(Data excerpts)
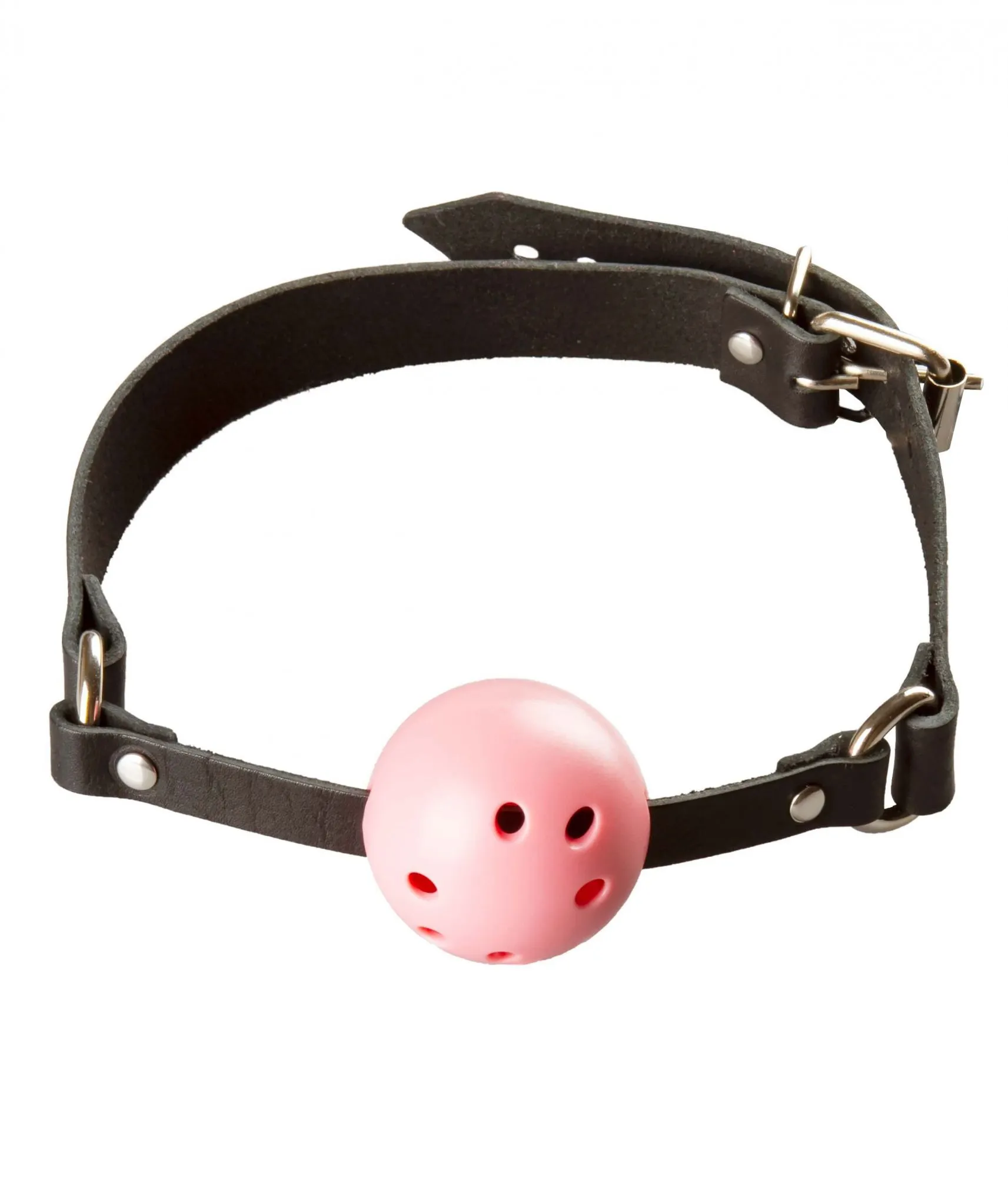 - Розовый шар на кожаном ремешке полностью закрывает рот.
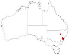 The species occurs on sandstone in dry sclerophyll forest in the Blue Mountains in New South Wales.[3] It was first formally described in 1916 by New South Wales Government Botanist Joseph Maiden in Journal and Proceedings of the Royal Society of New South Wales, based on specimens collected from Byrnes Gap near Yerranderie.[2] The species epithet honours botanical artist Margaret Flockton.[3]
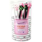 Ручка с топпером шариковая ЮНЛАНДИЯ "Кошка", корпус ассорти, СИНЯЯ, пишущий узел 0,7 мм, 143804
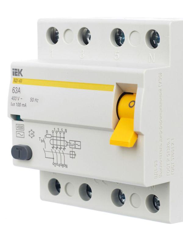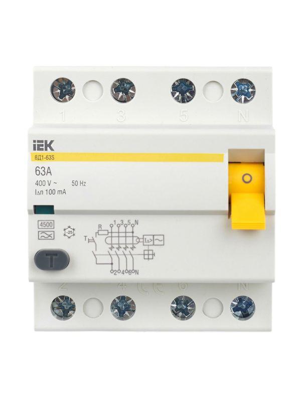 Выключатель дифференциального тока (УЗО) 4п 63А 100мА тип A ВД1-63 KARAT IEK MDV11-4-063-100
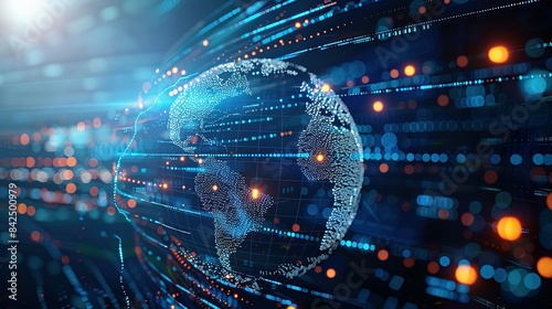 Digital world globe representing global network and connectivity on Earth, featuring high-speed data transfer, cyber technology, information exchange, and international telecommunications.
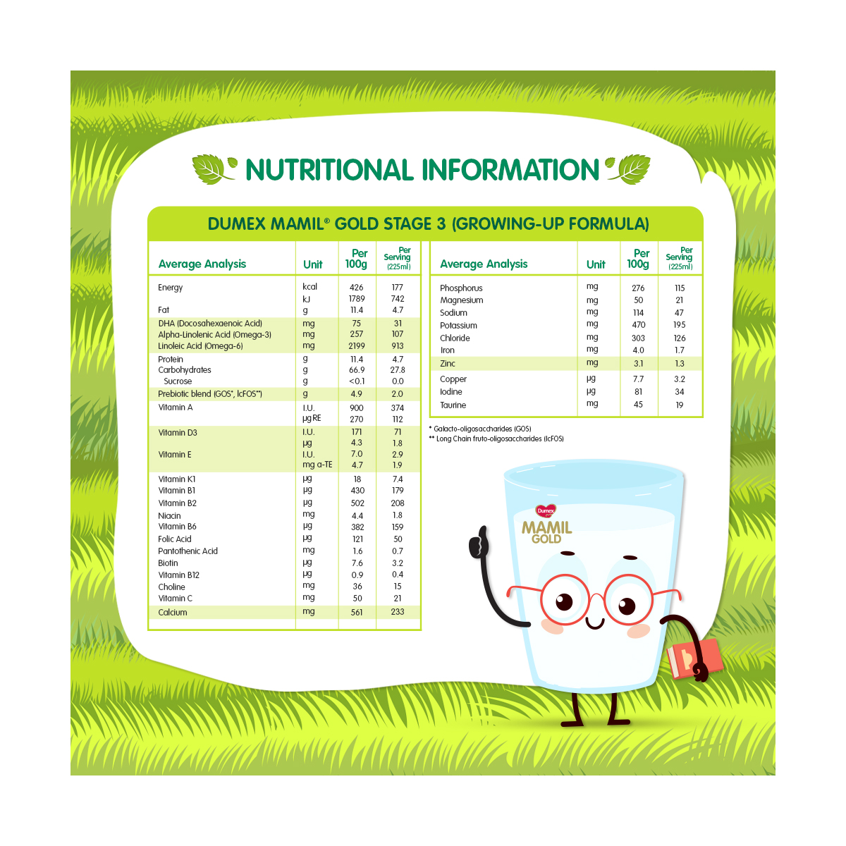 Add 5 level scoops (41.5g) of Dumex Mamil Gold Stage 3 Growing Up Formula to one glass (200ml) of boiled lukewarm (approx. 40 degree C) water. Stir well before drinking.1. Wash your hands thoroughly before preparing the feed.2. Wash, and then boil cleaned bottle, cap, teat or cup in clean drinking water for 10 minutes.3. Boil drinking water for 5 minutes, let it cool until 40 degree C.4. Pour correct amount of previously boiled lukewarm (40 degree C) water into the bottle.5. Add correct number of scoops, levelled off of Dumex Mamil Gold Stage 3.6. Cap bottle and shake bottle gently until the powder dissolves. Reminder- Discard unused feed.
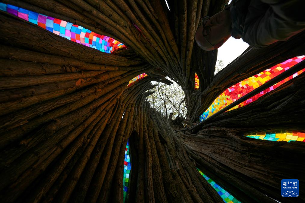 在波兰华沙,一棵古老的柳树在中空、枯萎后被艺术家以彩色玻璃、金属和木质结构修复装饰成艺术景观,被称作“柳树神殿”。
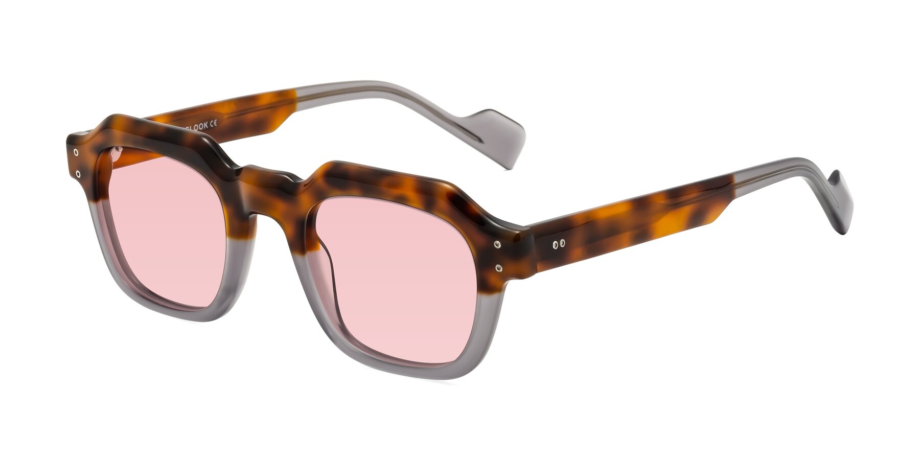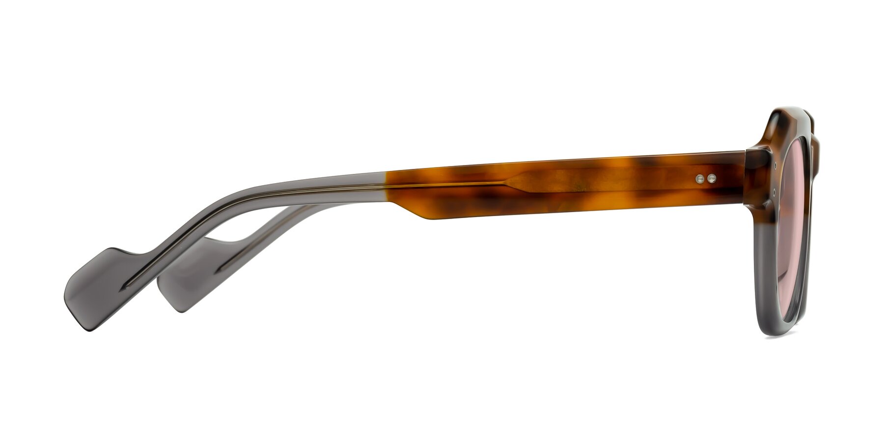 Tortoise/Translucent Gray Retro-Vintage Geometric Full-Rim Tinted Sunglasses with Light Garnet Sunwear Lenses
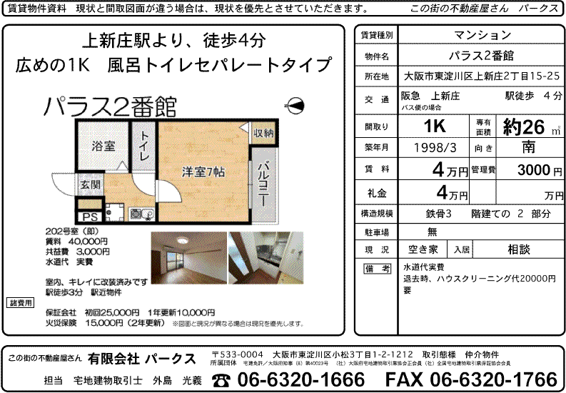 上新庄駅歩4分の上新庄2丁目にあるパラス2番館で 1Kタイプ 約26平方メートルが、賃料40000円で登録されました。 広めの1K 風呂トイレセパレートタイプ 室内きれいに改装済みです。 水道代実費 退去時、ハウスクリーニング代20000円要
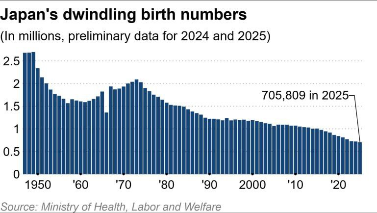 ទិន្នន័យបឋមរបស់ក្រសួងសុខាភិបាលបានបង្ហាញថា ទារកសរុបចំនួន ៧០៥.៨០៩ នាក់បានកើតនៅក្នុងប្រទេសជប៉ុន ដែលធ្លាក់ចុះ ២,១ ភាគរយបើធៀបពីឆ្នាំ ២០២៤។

What you should do » Output every entry exactly. Pictures stay out.

Solution for this exercise »
 - Розовый шар на кожаном ремешке полностью закрывает рот.
 The species occurs on sandstone in dry sclerophyll forest in the Blue Mountains in New South Wales.[3] It was first formally described in 1916 by New South Wales Government Botanist Joseph Maiden in Journal and Proceedings of the Royal Society of New South Wales, based on specimens collected from Byrnes Gap near Yerranderie.[2] The species epithet honours botanical artist Margaret Flockton.[3]
 Ручка с топпером шариковая ЮНЛАНДИЯ "Кошка", корпус ассорти, СИНЯЯ, пишущий узел 0,7 мм, 143804
 Выключатель дифференциального тока (УЗО) 4п 63А 100мА тип A ВД1-63 KARAT IEK MDV11-4-063-100
 Digital world globe representing global network and connectivity on Earth, featuring high-speed data transfer, cyber technology, information exchange, and international telecommunications.
 Add 5 level scoops (41.5g) of Dumex Mamil Gold Stage 3 Growing Up Formula to one glass (200ml) of boiled lukewarm (approx. 40 degree C) water. Stir well before drinking.1. Wash your hands thoroughly before preparing the feed.2. Wash, and then boil cleaned bottle, cap, teat or cup in clean drinking water for 10 minutes.3. Boil drinking water for 5 minutes, let it cool until 40 degree C.4. Pour correct amount of previously boiled lukewarm (40 degree C) water into the bottle.5. Add correct number of scoops, levelled off of Dumex Mamil Gold Stage 3.6. Cap bottle and shake bottle gently until the powder dissolves. Reminder- Discard unused feed.
 在波兰华沙,一棵古老的柳树在中空、枯萎后被艺术家以彩色玻璃、金属和木质结构修复装饰成艺术景观,被称作“柳树神殿”。
 Tortoise/Translucent Gray Retro-Vintage Geometric Full-Rim Tinted Sunglasses with Light Garnet Sunwear Lenses
 上新庄駅歩4分の上新庄2丁目にあるパラス2番館で 1Kタイプ 約26平方メートルが、賃料40000円で登録されました。 広めの1K 風呂トイレセパレートタイプ 室内きれいに改装済みです。 水道代実費 退去時、ハウスクリーニング代20000円要
 ទិន្នន័យបឋមរបស់ក្រសួងសុខាភិបាលបានបង្ហាញថា ទារកសរុបចំនួន ៧០៥.៨០៩ នាក់បានកើតនៅក្នុងប្រទេសជប៉ុន ដែលធ្លាក់ចុះ ២,១ ភាគរយបើធៀបពីឆ្នាំ ២០២៤។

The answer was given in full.